İstanbul ekspresinde üç kompartıman alınır. Kimseye sezdirmeden gece trene binilir. İstanbul’a gidilir. Hafif de tebdili kıyafet vardır tabii…
Haydarpaşa’da Nuri Conker’in bir arkadaşı karşılar ve ver elini Boğaziçi. Orada gezerler, yürürler, denizi seyrederler. Boğaz havasını ciğerlerine çekerler. Sonra da Beyoğlu’na, Tünel’e gelince de doğrudan Apostol’un yerine giderler...
Saat 17 olmuştur. Artık yeni yeni herkes gelmeye başlamıştır. İstanbul’da eğlence yerlerini işletenler işlerini iyi bilirler.
Özellikle Rumlar, Osmanlı’dan kalma gelenek ve görenekleri ile hizmetin piridirler. Apostol, Nuri Conker ile göz göze gelir. Tanımıştır, Atatürk’ü eski müşterisi ve dostunu, çok sevinir. Nuri Conker, “Sakın bozma” der. “Eskisi gibi davran, gelenleri de çevirme, sadece bizimle garsonlar hariç, kimse fazla ilgilenmesin, hafifçe demlenelim.”
Akşam ilerlemekte, keyif ise artmaktadır. Mustafa Kemal ise gençlik günlerine döndüğü için çok mutludur. Arada merak edip, Nuri Conker’e de sormaktadır.
“Galiba bizi hiç kimse tanımadı!” Nuri Bey’in tek endişesi içeriye girip çıkan birilerinin dışarıda bu olaydan söz etmeleridir.
Apostol güvence verir, “Sen merak etme Paşam”.
Artık sıra Rumeli türkülerine, çalmaya oynamaya gelmiştir... Bütün taverna şarkı, türkü söylemekte oynamakta hatta Atatürk bile artık dans etmekte ve türküleri mırıldanmaktadır.
Mustafa Kemal ise oyunu sezmiş ama artık o da bozmamakta eğlenmeye devam etmektedir. Kadim dostunun da kıyağının farkındadır.
Dostluk da bu değil midir zaten.
Ayrılma zamanı gelmiştir.
Haydarpaşa’dan trene binilecektir, erken kalkmak gerekir.
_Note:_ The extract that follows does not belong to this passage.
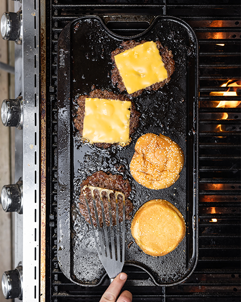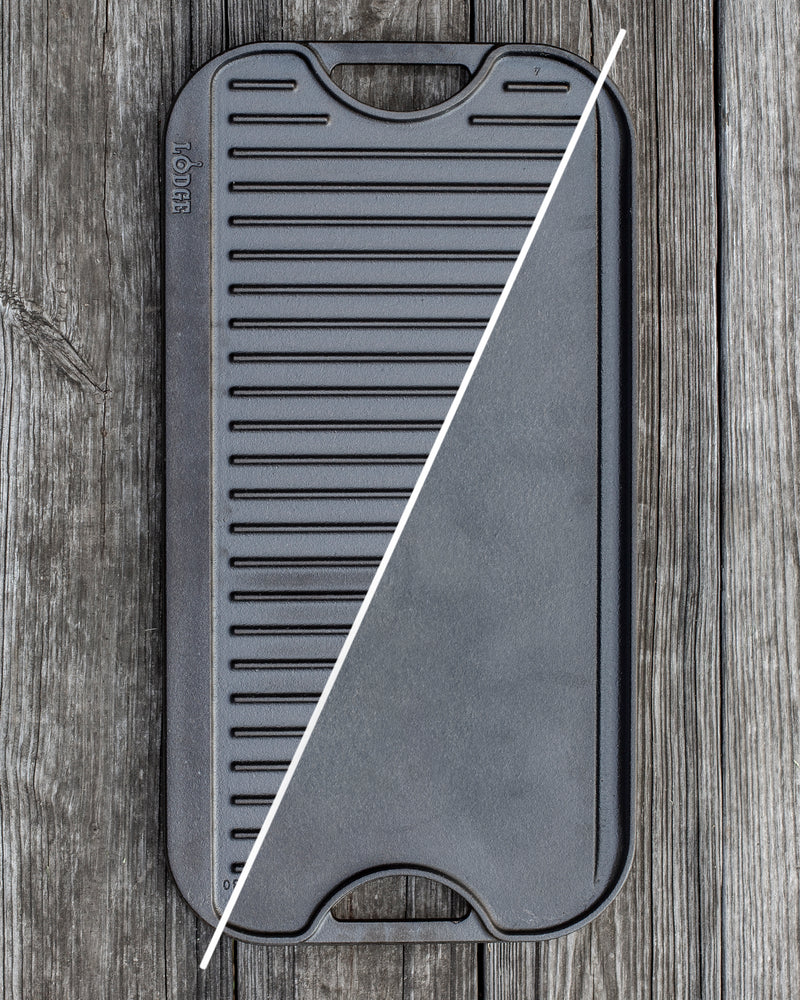 Piastra/griglia reversibile in ghisa.Il lato liscio è ideale per cuocere panini, panc...

Ayağa kalkar Mustafa Kemal, madem kimse onu tanımamıştır, o da kapıya yönelir. Arkasından bağırır Apostol: “Mustafa hesabı ödemeden nereye gidiyorsun?”
Döner, “Yaz hesaba bre Apostol!” der. Bunlar bir sarılırlar birbirlerine ve ağlamaya başlarlar. Bu arada bütün taverna ayağa kalkar ve alkışlar, hep bir ağızdan bağırırlar.
“Bizim Mustafa, seni bırakmayacağız ama sen de bizi bırakma, daha sık gel."